Tale argomentazione non risulta convincente, e non solo perché induce, nell’ambito dell’unitario procedimento amministrativo attivato dalla domanda dello straniero, uno spostamento della giurisdizione tra i due plessi, a seconda che l’Amministrazione procedente decida o meno di esercitare il potere discrezionale di valutazione dei motivi ostativi all’acquisto della cittadinanza italiana di cui all’art. 6, comma 1, lett. c) della legge n. 91 del 1992.

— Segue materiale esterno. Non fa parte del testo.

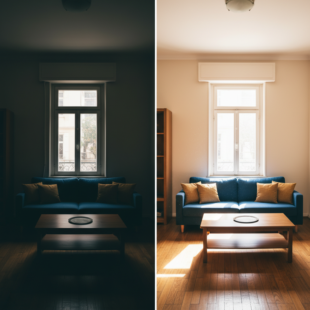 Σκοτεινές Φωτογραφίες = Λιγότερες Κρατήσεις Το 67% των επισκεπτών στο Airbnb προσπερνάει listings με σκοτεινές, underexposed εικόνες. Για ένα traditional house στο κέντρο της Ζακύνθου, ένα σκοτεινό σαλόνι μπορεί να σημαίνει απώλεια κρατήσεων και χαμηλότερες τιμές. Το SmartLens μετατρέπει αυτές τις φωτογραφίες με Dark to Bright Interior – Living Room…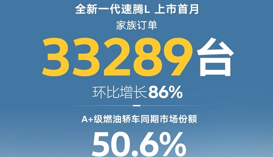 一汽-大众发布数据显示,全新一代速腾L上市首月,速腾家族销量达33289辆,环比增长86%,占据A+级燃油轿车同期市场份额50.6%,创历史新高。
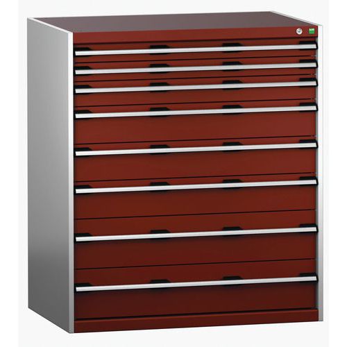 Warsztatowa szafka z szufladami Bott Cubio 200, 120 x 105 x 75 cm, 8 szuflad, szaro-czerwona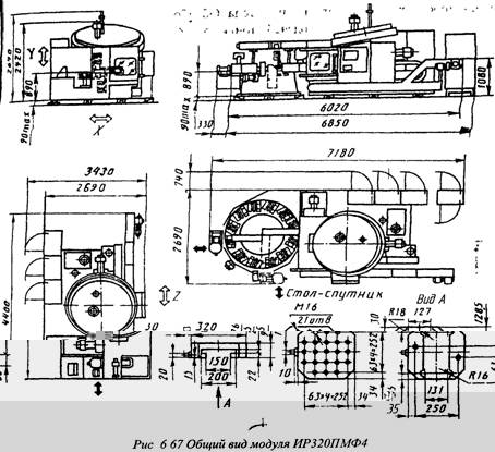 Схема компоновки ГПМ ИР320ПМФ4 (рис.16) включает одноименный станок с горизонтальным шпинделем, установленным в вертикально-подвижной шпиндельной коробке (ось Y) с продольно перемещающимся по оси Z ползуном. На верхнем торце стойки расположен 36-позиционный инструментальный магазин барабанного типа с наклонной осью вращения, обеспечивающий автоматическую смену инструмента в шпинделе без применения манипулятора. Поперечно-подвижный (ось Х) и поворотный (движение А) стол с вертикальным расположением рабочей поверхности с размерами 320x320 мм позволяет устанавливать и закреплять унифицированный стол-спутник с заготовкой, которая может быть обработана с четырех сторон за одну установку. Смена столов-спутников производится автоматически с накопителя, установленного перед станком и имеющего четыре (исполнение 1) или двенадцать (исполнение 2) позиций. Загрузка и разгрузка столов-спутников может осуществляться как вдоль продольной оси Z станка (с противоположной по отношению к шпинделю стороны), так и вдоль поперечной оси Х (перпендикулярно к оси шпинделя).

Ciò che invece massimamente rileva è che la normativa di fonte primaria, sia nella parte in cui rimette all’Amministrazione di esercitare un’attività vincolata di apprezzamento di fatti, documenti ed informazioni, sia laddove disciplini la ponderazione di interessi pubblici e privati per garantire la salvaguardia della sicurezza della Repubblica, persegue un obiettivo finale unitario di chiara matrice pubblicistica. In entrambi i casi, l’Amministrazione, all’esito dell’istruttoria procedimentale imposta dalla legge, deve in ultima istanza accertare se lo straniero possieda i requisiti essenziali rientranti nella specifica fattispecie di acquisto della cittadinanza per matrimonio e se risulti quindi pronto per lo stabile inserimento nella comunità nazionale e l’esercizio, senza pregiudizio per l’ordinamento democratico della Repubblica, dei diritti e delle prerogative attribuiti dalla Carta costituzionale e dalle leggi ordinarie ai cittadini italiani: quanto sopra, sulla base della valutazione di un complesso di circostanze, atte sostanzialmente a dimostrare l'integrazione del soggetto interessato nel tessuto sociale, anche in termini di irreprensibilità di condotta.

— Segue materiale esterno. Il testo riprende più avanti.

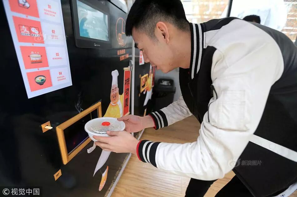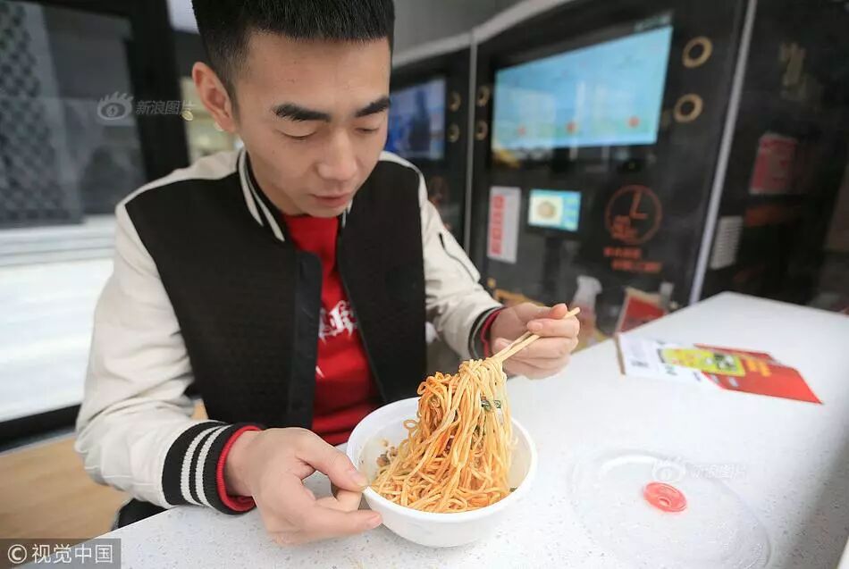研发人员说,他们把面条提前在工厂里加工到九成熟,然后和新鲜蔬菜一起运来,添加在机器里冷藏,顾客根据需要点单,机器就可以自动加热做面条。

Traslando i superiori principi all’odierno gravame, deve essere quindi respinta l’eccezione di inammissibilità proposta dal Ministero riferente e conseguentemente affermata la giurisdizione del giudice amministrativo.
Risulta invero per tabulas che il decreto impugnato reca il rigetto della domanda di acquisto della cittadinanza per matrimonio presentata dalla ricorrente per la mancata produzione nel termine fissato con il preavviso di rigetto ex art. 10-bis della legge n. 241 del 1990 del “certificato penale britannico in corso di validità, con apostille e traduzione”.
La mancata produzione del certificato penale, rilasciato dalle autorità competenti dello Stato straniero di residenza della ricorrente, ha difatti reso impossibile l’accertamento del requisito essenziale per l’acquisto della cittadinanza per matrimonio costituito dalla assenza di condanne penali ai sensi dell’art. 6, comma 1, lett. a) e b), della legge n. 91 del 1992.